— PROBLEM TO SOLVE —
Print the records below once again, exactly as they were given.

— DATA TO EXAMINE —

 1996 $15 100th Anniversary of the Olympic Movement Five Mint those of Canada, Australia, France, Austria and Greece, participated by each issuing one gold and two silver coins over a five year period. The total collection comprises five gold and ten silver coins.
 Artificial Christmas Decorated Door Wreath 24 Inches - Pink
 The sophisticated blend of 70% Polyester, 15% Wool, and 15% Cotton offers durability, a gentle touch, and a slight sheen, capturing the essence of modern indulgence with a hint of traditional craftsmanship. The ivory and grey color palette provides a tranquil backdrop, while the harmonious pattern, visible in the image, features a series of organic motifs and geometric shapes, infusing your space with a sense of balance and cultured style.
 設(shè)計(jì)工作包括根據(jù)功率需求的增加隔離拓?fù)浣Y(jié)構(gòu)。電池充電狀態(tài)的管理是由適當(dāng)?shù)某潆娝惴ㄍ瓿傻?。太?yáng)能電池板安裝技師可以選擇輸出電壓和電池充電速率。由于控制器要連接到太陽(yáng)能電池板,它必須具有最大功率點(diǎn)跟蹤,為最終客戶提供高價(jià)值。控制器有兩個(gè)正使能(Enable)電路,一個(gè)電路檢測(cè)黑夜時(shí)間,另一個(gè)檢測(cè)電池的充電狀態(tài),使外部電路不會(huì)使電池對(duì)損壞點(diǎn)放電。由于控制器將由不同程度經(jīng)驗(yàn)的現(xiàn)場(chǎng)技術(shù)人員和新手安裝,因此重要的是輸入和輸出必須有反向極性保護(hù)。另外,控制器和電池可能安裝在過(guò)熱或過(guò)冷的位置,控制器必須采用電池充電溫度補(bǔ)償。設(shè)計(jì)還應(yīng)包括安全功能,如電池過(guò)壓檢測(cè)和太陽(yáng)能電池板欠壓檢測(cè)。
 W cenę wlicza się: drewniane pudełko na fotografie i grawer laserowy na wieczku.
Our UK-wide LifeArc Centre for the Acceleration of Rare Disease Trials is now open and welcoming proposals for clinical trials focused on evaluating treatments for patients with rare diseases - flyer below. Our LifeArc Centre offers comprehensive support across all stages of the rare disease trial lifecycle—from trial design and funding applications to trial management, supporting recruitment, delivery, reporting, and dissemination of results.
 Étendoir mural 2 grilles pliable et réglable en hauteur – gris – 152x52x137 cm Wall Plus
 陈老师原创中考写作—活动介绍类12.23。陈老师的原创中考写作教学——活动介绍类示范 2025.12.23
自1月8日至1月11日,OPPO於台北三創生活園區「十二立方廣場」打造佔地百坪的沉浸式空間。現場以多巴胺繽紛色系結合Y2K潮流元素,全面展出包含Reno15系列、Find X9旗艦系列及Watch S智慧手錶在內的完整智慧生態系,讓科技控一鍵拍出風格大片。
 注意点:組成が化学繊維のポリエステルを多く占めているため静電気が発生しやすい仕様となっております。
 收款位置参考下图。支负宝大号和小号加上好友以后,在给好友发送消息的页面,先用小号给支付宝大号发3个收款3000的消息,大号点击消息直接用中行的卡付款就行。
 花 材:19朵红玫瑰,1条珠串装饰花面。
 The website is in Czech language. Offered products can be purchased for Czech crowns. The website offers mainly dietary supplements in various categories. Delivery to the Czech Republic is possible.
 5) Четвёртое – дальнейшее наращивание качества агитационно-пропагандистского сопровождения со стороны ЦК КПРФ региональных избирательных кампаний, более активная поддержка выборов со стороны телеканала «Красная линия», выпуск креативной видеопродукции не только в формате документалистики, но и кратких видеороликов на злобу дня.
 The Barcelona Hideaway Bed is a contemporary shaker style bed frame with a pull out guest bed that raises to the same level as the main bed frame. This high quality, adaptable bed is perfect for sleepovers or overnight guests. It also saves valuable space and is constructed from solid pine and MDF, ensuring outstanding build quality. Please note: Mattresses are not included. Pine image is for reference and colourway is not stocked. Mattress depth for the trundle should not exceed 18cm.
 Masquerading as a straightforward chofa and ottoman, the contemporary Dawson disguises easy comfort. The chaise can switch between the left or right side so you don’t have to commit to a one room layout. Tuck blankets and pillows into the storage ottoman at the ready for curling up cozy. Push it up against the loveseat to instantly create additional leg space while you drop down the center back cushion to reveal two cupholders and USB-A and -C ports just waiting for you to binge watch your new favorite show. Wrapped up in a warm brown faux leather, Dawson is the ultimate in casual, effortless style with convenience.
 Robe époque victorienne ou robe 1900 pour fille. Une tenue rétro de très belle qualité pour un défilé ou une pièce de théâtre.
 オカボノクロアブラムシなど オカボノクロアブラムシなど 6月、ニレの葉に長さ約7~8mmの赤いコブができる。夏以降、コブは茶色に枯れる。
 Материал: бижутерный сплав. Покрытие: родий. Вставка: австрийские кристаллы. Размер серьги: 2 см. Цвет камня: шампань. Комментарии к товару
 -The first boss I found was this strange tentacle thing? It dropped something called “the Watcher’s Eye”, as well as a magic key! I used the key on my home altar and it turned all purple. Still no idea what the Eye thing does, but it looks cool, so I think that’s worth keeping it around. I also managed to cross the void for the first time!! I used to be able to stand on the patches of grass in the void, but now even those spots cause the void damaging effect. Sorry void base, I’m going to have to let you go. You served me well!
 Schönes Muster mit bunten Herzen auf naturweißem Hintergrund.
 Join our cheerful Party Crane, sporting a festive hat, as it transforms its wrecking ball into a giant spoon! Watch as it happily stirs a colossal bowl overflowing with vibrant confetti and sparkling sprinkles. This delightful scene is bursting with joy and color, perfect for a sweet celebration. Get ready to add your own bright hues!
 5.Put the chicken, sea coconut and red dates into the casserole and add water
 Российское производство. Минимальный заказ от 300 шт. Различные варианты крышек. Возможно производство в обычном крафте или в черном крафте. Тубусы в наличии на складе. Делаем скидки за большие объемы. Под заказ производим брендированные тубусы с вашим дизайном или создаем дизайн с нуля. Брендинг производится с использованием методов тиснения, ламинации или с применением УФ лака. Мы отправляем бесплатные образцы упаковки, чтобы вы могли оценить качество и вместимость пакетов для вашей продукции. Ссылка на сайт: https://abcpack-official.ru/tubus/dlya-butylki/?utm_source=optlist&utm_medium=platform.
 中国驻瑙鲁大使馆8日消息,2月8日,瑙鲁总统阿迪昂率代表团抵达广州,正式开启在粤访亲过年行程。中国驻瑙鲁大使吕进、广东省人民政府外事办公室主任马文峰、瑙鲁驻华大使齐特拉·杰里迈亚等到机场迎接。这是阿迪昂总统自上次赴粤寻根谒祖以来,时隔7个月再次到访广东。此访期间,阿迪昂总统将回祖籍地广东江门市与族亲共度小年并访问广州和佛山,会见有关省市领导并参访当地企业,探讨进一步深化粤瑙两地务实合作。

— TASK RESPONSE —
 1996 $15 100th Anniversary of the Olympic Movement Five Mint those of Canada, Australia, France, Austria and Greece, participated by each issuing one gold and two silver coins over a five year period. The total collection comprises five gold and ten silver coins.
 Artificial Christmas Decorated Door Wreath 24 Inches - Pink
 The sophisticated blend of 70% Polyester, 15% Wool, and 15% Cotton offers durability, a gentle touch, and a slight sheen, capturing the essence of modern indulgence with a hint of traditional craftsmanship. The ivory and grey color palette provides a tranquil backdrop, while the harmonious pattern, visible in the image, features a series of organic motifs and geometric shapes, infusing your space with a sense of balance and cultured style.
 設(shè)計(jì)工作包括根據(jù)功率需求的增加隔離拓?fù)浣Y(jié)構(gòu)。電池充電狀態(tài)的管理是由適當(dāng)?shù)某潆娝惴ㄍ瓿傻?。太?yáng)能電池板安裝技師可以選擇輸出電壓和電池充電速率。由于控制器要連接到太陽(yáng)能電池板,它必須具有最大功率點(diǎn)跟蹤,為最終客戶提供高價(jià)值。控制器有兩個(gè)正使能(Enable)電路,一個(gè)電路檢測(cè)黑夜時(shí)間,另一個(gè)檢測(cè)電池的充電狀態(tài),使外部電路不會(huì)使電池對(duì)損壞點(diǎn)放電。由于控制器將由不同程度經(jīng)驗(yàn)的現(xiàn)場(chǎng)技術(shù)人員和新手安裝,因此重要的是輸入和輸出必須有反向極性保護(hù)。另外,控制器和電池可能安裝在過(guò)熱或過(guò)冷的位置,控制器必須采用電池充電溫度補(bǔ)償。設(shè)計(jì)還應(yīng)包括安全功能,如電池過(guò)壓檢測(cè)和太陽(yáng)能電池板欠壓檢測(cè)。
 W cenę wlicza się: drewniane pudełko na fotografie i grawer laserowy na wieczku.
Our UK-wide LifeArc Centre for the Acceleration of Rare Disease Trials is now open and welcoming proposals for clinical trials focused on evaluating treatments for patients with rare diseases - flyer below. Our LifeArc Centre offers comprehensive support across all stages of the rare disease trial lifecycle—from trial design and funding applications to trial management, supporting recruitment, delivery, reporting, and dissemination of results.
 Étendoir mural 2 grilles pliable et réglable en hauteur – gris – 152x52x137 cm Wall Plus
 陈老师原创中考写作—活动介绍类12.23。陈老师的原创中考写作教学——活动介绍类示范 2025.12.23
自1月8日至1月11日,OPPO於台北三創生活園區「十二立方廣場」打造佔地百坪的沉浸式空間。現場以多巴胺繽紛色系結合Y2K潮流元素,全面展出包含Reno15系列、Find X9旗艦系列及Watch S智慧手錶在內的完整智慧生態系,讓科技控一鍵拍出風格大片。
 注意点:組成が化学繊維のポリエステルを多く占めているため静電気が発生しやすい仕様となっております。
 收款位置参考下图。支负宝大号和小号加上好友以后,在给好友发送消息的页面,先用小号给支付宝大号发3个收款3000的消息,大号点击消息直接用中行的卡付款就行。
 花 材:19朵红玫瑰,1条珠串装饰花面。
 The website is in Czech language. Offered products can be purchased for Czech crowns. The website offers mainly dietary supplements in various categories. Delivery to the Czech Republic is possible.
 5) Четвёртое – дальнейшее наращивание качества агитационно-пропагандистского сопровождения со стороны ЦК КПРФ региональных избирательных кампаний, более активная поддержка выборов со стороны телеканала «Красная линия», выпуск креативной видеопродукции не только в формате документалистики, но и кратких видеороликов на злобу дня.
 The Barcelona Hideaway Bed is a contemporary shaker style bed frame with a pull out guest bed that raises to the same level as the main bed frame. This high quality, adaptable bed is perfect for sleepovers or overnight guests. It also saves valuable space and is constructed from solid pine and MDF, ensuring outstanding build quality. Please note: Mattresses are not included. Pine image is for reference and colourway is not stocked. Mattress depth for the trundle should not exceed 18cm.
 Masquerading as a straightforward chofa and ottoman, the contemporary Dawson disguises easy comfort. The chaise can switch between the left or right side so you don’t have to commit to a one room layout. Tuck blankets and pillows into the storage ottoman at the ready for curling up cozy. Push it up against the loveseat to instantly create additional leg space while you drop down the center back cushion to reveal two cupholders and USB-A and -C ports just waiting for you to binge watch your new favorite show. Wrapped up in a warm brown faux leather, Dawson is the ultimate in casual, effortless style with convenience.
 Robe époque victorienne ou robe 1900 pour fille. Une tenue rétro de très belle qualité pour un défilé ou une pièce de théâtre.
 オカボノクロアブラムシなど オカボノクロアブラムシなど 6月、ニレの葉に長さ約7~8mmの赤いコブができる。夏以降、コブは茶色に枯れる。
 Материал: бижутерный сплав. Покрытие: родий. Вставка: австрийские кристаллы. Размер серьги: 2 см. Цвет камня: шампань. Комментарии к товару
 -The first boss I found was this strange tentacle thing? It dropped something called “the Watcher’s Eye”, as well as a magic key! I used the key on my home altar and it turned all purple. Still no idea what the Eye thing does, but it looks cool, so I think that’s worth keeping it around. I also managed to cross the void for the first time!! I used to be able to stand on the patches of grass in the void, but now even those spots cause the void damaging effect. Sorry void base, I’m going to have to let you go. You served me well!
 Schönes Muster mit bunten Herzen auf naturweißem Hintergrund.
 Join our cheerful Party Crane, sporting a festive hat, as it transforms its wrecking ball into a giant spoon! Watch as it happily stirs a colossal bowl overflowing with vibrant confetti and sparkling sprinkles. This delightful scene is bursting with joy and color, perfect for a sweet celebration. Get ready to add your own bright hues!
 5.Put the chicken, sea coconut and red dates into the casserole and add water
 Российское производство. Минимальный заказ от 300 шт. Различные варианты крышек. Возможно производство в обычном крафте или в черном крафте. Тубусы в наличии на складе. Делаем скидки за большие объемы. Под заказ производим брендированные тубусы с вашим дизайном или создаем дизайн с нуля. Брендинг производится с использованием методов тиснения, ламинации или с применением УФ лака. Мы отправляем бесплатные образцы упаковки, чтобы вы могли оценить качество и вместимость пакетов для вашей продукции. Ссылка на сайт: https://abcpack-official.ru/tubus/dlya-butylki/?utm_source=optlist&utm_medium=platform.
 中国驻瑙鲁大使馆8日消息,2月8日,瑙鲁总统阿迪昂率代表团抵达广州,正式开启在粤访亲过年行程。中国驻瑙鲁大使吕进、广东省人民政府外事办公室主任马文峰、瑙鲁驻华大使齐特拉·杰里迈亚等到机场迎接。这是阿迪昂总统自上次赴粤寻根谒祖以来,时隔7个月再次到访广东。此访期间,阿迪昂总统将回祖籍地广东江门市与族亲共度小年并访问广州和佛山,会见有关省市领导并参访当地企业,探讨进一步深化粤瑙两地务实合作。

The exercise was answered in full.